La mayor mentira de Internet, en la que todos hemos incurrido, es la de “he leído y acepto las condiciones de uso”. Es muy incómodo leer todas las palabras que componen estos documentos, pero si lo hiciésemos podríamos ver que estamos autorizando a las redes sociales a utilizar libremente nuestras imágenes y datos. De hecho, la configuración de privacidad por defecto de Facebook ha cambiado de forma vertiginosa desde 2005. Ahora, si no editamos estas preferencias, los únicos datos a los que los usuarios de esta red social no podrán tener acceso son nuestro cumpleaños y nuestros datos de contacto. Todo lo demás queda expuesto y puede ser accedido por cualquiera.

La extensión de las diferentes esferas

Distinguir entre intimidad, propia imagen, privacidad y derecho al honor puede no ser tan fácil como pensamos. Nuestro compañero explicaba a los asistentes la extensión de cada esfera y qué protege cada una.

La esfera íntima es la más acotada. El término “intimidad” puede llevarnos a confusión, ya que hay datos como nuestra cuenta bancaria, domicilio, teléfono o información laboral que no se consideran íntimos. Sí lo son nuestra ideología, religión, creencias, vida sexual, el contenido de nuestras comunicaciones privadas o el espacio físico de nuestro domicilio.
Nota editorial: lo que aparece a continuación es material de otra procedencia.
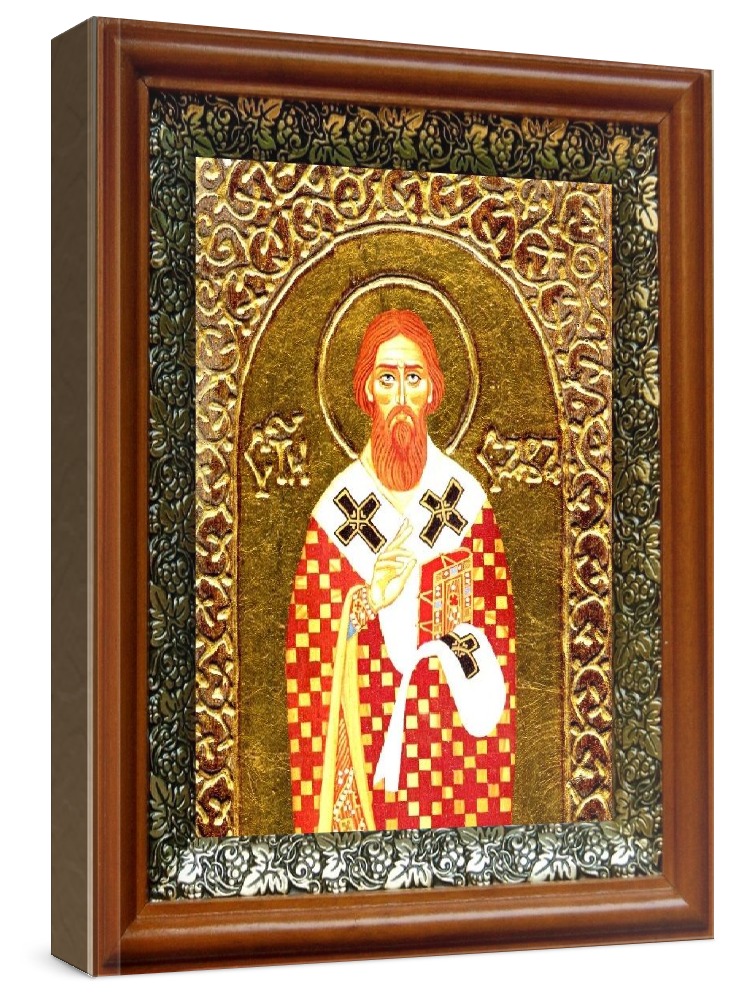 Икона савва сербский (19х22), светлый киот. Лик нанесен методом шелкографии на цельную липовую доску, покрытую левкасом (специальным грунтом под живопись). Использованы минеральные (природные) краски. Размер иконы без киота (см): 13х16, с киотом: 19х22. Киот со стеклом, выполнен из березы и украшен басмой (узор из черненой меди в виде виноградной лозы). Икона освящена.

La esfera de la propia imagen es muy conocida entre famosos y futbolistas, “las dos efes”, que decía Víctor. Pero, en realidad, nos protege a todos. Su esencia es, ni más ni menos, el derecho al anonimato. Pensemos un momento en el caso de Teresa Romero. Ella no eligió que sus imágenes saltasen a los medios de comunicación, de forma que no se respetó debidamente este derecho.

La privacidad engloba todos los datos personales del indivíduo, estén o no recogidos en las anteriores esferas. Según lo dictado por el Tribunal Constitucional en sendas sentencias de 30 de noviembre de 2000, éste es un derecho fundamental con las mismas características e implicaciones que los otros.
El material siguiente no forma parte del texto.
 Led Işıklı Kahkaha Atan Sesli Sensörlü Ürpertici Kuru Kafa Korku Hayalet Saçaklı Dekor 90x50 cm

Víctor también quiso hablarnos del derecho al honor. Hoy por hoy, la reputación online pesa, sobre todo a raíz del famoso “derecho al olvido”, que en contra de lo que algunas personas piensan, se relaciona más con este derecho que con la propia privacidad.
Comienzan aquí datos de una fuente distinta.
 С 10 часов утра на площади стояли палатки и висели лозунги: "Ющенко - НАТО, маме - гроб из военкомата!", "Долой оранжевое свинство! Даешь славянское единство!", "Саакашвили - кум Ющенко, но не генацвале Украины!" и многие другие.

Una privacidad, dos sistemas

A pesar de que en Europa el derecho a la privacidad sí está contemplado, en Estados Unidos el término difiere sustancialmente de lo que entendemos nosotros. El “privacy” americano no es un derecho constitucional y tampoco existe una Ley de Privacidad equiparable a la nuestra, de forma que cada proveedor queda libre para regularlo a través de sus famosas “Políticas de Privacidad”. En Europa, en cambio, nuestro derecho a la privacidad está totalmente protegido a nivel constitucional, con una Directiva Europea y también con la Ley Orgánica de Protección de Datos. Así, las redes sociales en Europa no son dueñas de nuestros datos, sino que nosotros somos los únicos propietarios, todo lo contrario de lo que pasa en EE.UU. con Facebook o Twitter.

¿Qué pasa con lo menores?

Un menor es, ante todo, una persona, por eso se le deben aplicar los mismos derechos fundamentales que se les aplica a las personas. De esta forma, cuando queramos publicar algo sobre ellos debemos pedir consentimiento a sus padres o tutores legales y respetar sus garantías de la misma forma que lo hacemos con los adultos.

¿Quién es el dueño de la foto?

Víctor terminaba la ponencia tal como la empezó, volviendo a hacer la misma pregunta. El auditorio dio múltiples respuestas, todas ellas válidas:

El fotógrafo, por el mero hecho de ser el autor de la fotografía.
Las personas que aparecen retratadas.
La red social a la que fue subida.

Las redes sociales e Internet son una fuente de recursos para los medios de comunicación, aunque es importante respetar los derechos fundamentales de los implicados en el momento de publicar cualquiera de sus datos y pedir permiso al dueño de los contenidos antes de utilizarlos. Lanzando un juicio de opinión, nuestro compañero cree que en las situaciones expuestas al principio de la ponencia, en las que se utilizaron imágenes personales de Teresa Romero, la menor Asunta o el maquinista del Alvia, se sobrepasaron los límites de la libertad de información y no se tuvieron en cuenta debidamente los derechos fundamentales de estas personas.